Ведь идти придется минуя селения, избегая встреч, — именно на дорогах ожидают беглеца неусыпные стражи царева порядка, а если и не стражи, то какой-нибудь зажиточный чалдон с берданкой, мечтающий получить за пойманную беглую душу красненькую и полпуда муки. Дешева все-таки человеческая жизнь!
А может, прихватить утлую рыбацкую лодчонку и, ежеминутно рискуя жизнью, сплыть на ней до Ангары и потом по Ангаре до Енисея? Но ведь все равно неизбежно придется возвращаться к чугунке: иного пути в Россию отсюда нет… Тысячи верст!
В поселке насчитывалось всего двадцать три дома, жалкие, приземистые лачуги, и только один богатый, похожий на крепость дом, окруженный крытым двором, жилище местного богатея и старосты — Иннокентия Сухобоева. Ему же принадлежала лавка, где продавались и отпускались в долг, до очередного охотничьего промысла, дробь и порох, табак и ситец, соль и водка.
При первом разговоре с Григорием Сухобоев, разглядывая нового ссыльного маленькими медвежьими глазками из-под дремучих нависших бровей и усмехаясь непонятной усмешкой, предложил Григорию поселиться у него: дом-де большой, просторный, а жителей всего-навсего трое — он, жена да дочь Анхвыза, — работника считать нечего, не человек.
— Тунхус — он тунхус и есть… — с равнодушным презрением пожал могучими плечами Иннокентий. — Вовсе дикий народишко, доложу я вам. Никакого просвещения, никакого обхождения. Ежели бы не держать их в кулаке, они, по совести скажу, за одну бы зиму водки в долг набрали вперед на десять лет. Пьют — никакого удержу на них нету. Ежели бы не мое к ним человечество, давно спились бы, и жен и детишек позаложили.
Григорий подумал, что староста приглашает его на жительство только для того, чтобы вечно иметь перед глазами: следить легче. Ведь именно он, Сухобоев, староста, отвечал перед властями предержащими, если ссыльный ударится в бега.
— Значит, это благодаря вашим заботам тунгусы и русские так процветают в порученном вашему попечительству месте? — откровенно засмеялся Григорий. — И вы с них не только их собственную шкуру, а и соболиные, и горностаевые, и медвежьи, и беличьи дерете?
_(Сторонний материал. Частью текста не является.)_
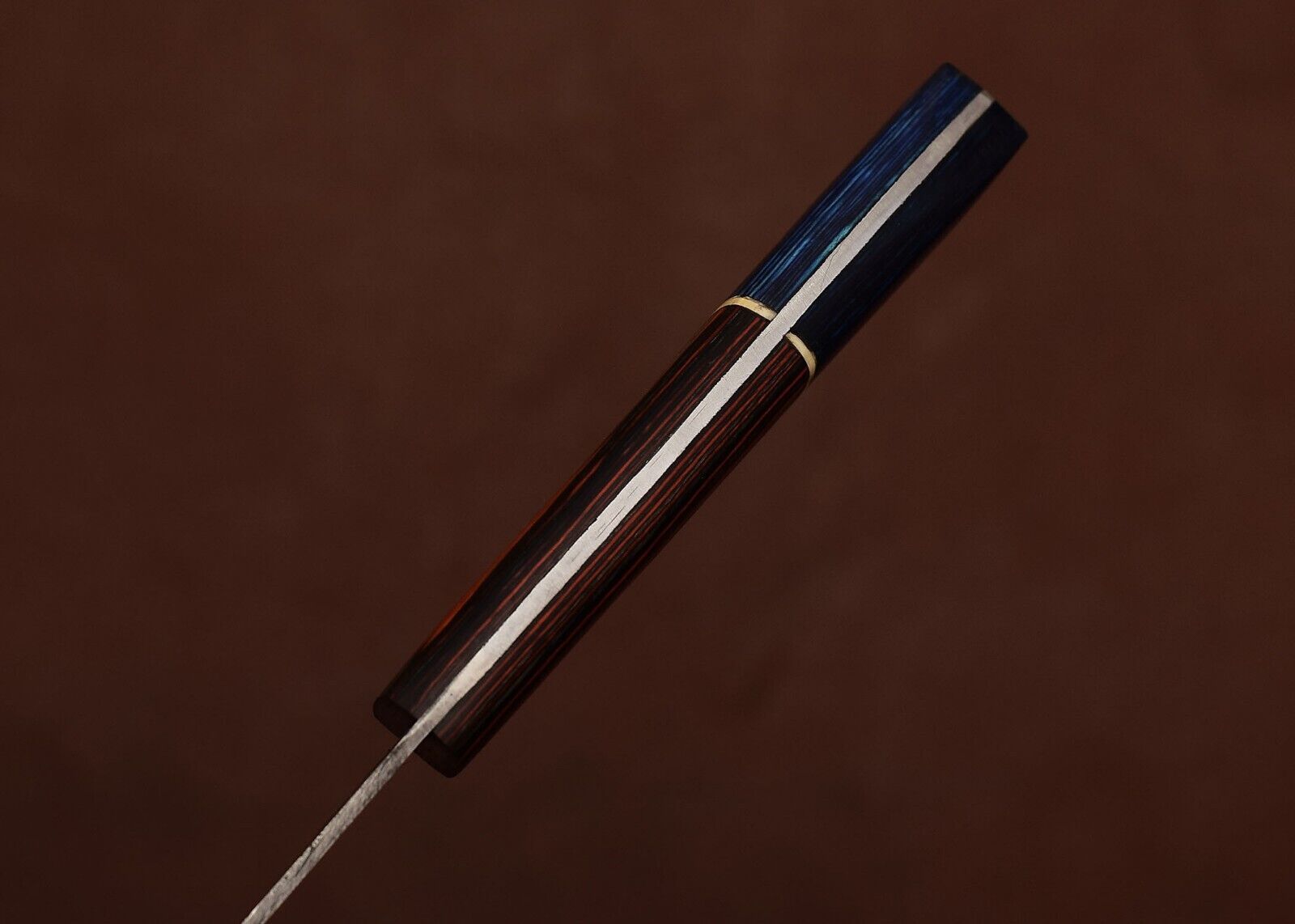 This Custom Handmade Damascus Steel Chef Fillet Knife is a perfect blend of durability, elegance, and functionality. The razor-sharp 8-inch Damascus Steel blade is designed with a straight edge for precision cutting, slicing, and filleting. Crafted with a sturdy 5-inch Pakka Wood handle and wood bolster, it provides a secure and comfortable grip, making it ideal for long cooking sessions. The full tang design ensures strength and balance.

А? А они, негодники, поди-ка, еще не благодарны вам за то, что вы их спаиваете и грабите?
— Но-но! — погрозил толстым пальцем Сухобоев и опять усмехнулся со злым добродушием знающего свою силу человека. — Поживете здеся, молодой человек, годика три — сами ко мне с поклоном за штофом бегать станете! Тут вам не фигли-мигли какие. Тайга. Она, слышь, коронит — костей не обронит. Давай-ка гумаги свои. И чтоб без озорства у меня. И народ не мутить, не сбивать с пути.
Поселился Григорий у старика охотника в крайней к тайге избенке, прижавшейся одной стеной к медно-красному стволу могучей, лет на триста, лиственницы. Казалось, что это и не изба вовсе, а болезненный нарост на стволе… Жил старик с такой же древней, как и он сам, полуглухой и полуслепой старухой, промышлял пушного зверя и получал за добытый мех у того же Сухобоева только-только чтоб не помереть с голоду.
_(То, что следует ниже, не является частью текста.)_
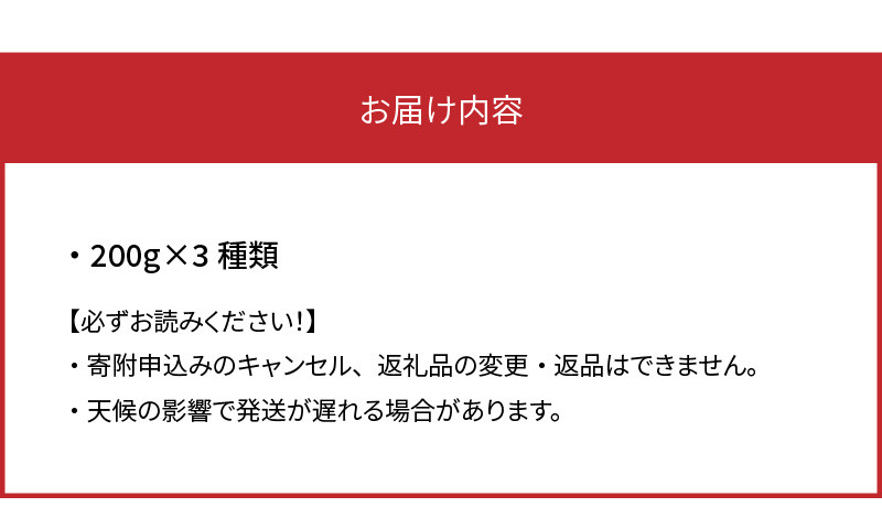 | 容量 | 200g×3種類 <豆or粉からお選びください> 【保存方法】 湿気の少ない冷暗所で保存 【原材料名】 コーヒー豆(原産国は裏面に表示) |

Почти целыми днями Григорий бродил по берегам Чуны или сидел на валунах, бросал в ледяную воду камни. Было нестерпимо думать, что вот-вот ляжет зима и в побег уйти можно будет только по весне, почти через полгода. Целую зиму жить, ничего не делая, не зная новостей из России, — от одних этих мыслей мутилось сознание и хотелось выть.
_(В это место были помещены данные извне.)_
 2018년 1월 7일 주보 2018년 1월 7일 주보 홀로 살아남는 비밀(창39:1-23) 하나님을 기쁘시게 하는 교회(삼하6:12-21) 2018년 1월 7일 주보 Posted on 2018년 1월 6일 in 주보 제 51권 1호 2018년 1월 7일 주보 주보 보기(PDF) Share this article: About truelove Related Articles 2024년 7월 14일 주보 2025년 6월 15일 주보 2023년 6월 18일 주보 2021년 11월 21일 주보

Он старался собрать все свое мужество, твердил себе, что в таких же глухих углах живут сейчас и его товарищи, что где-то в Шелаевской волости, Канского уезда, влачит такую же жалкую жизнь Букин и связаться с ними невозможно. Тысячи революционеров прошли через это, надо стиснуть зубы и ждать. Он привез с собой несколько книг по аграрному вопросу в России, собирался писать, но работать не мог, все валилось из рук.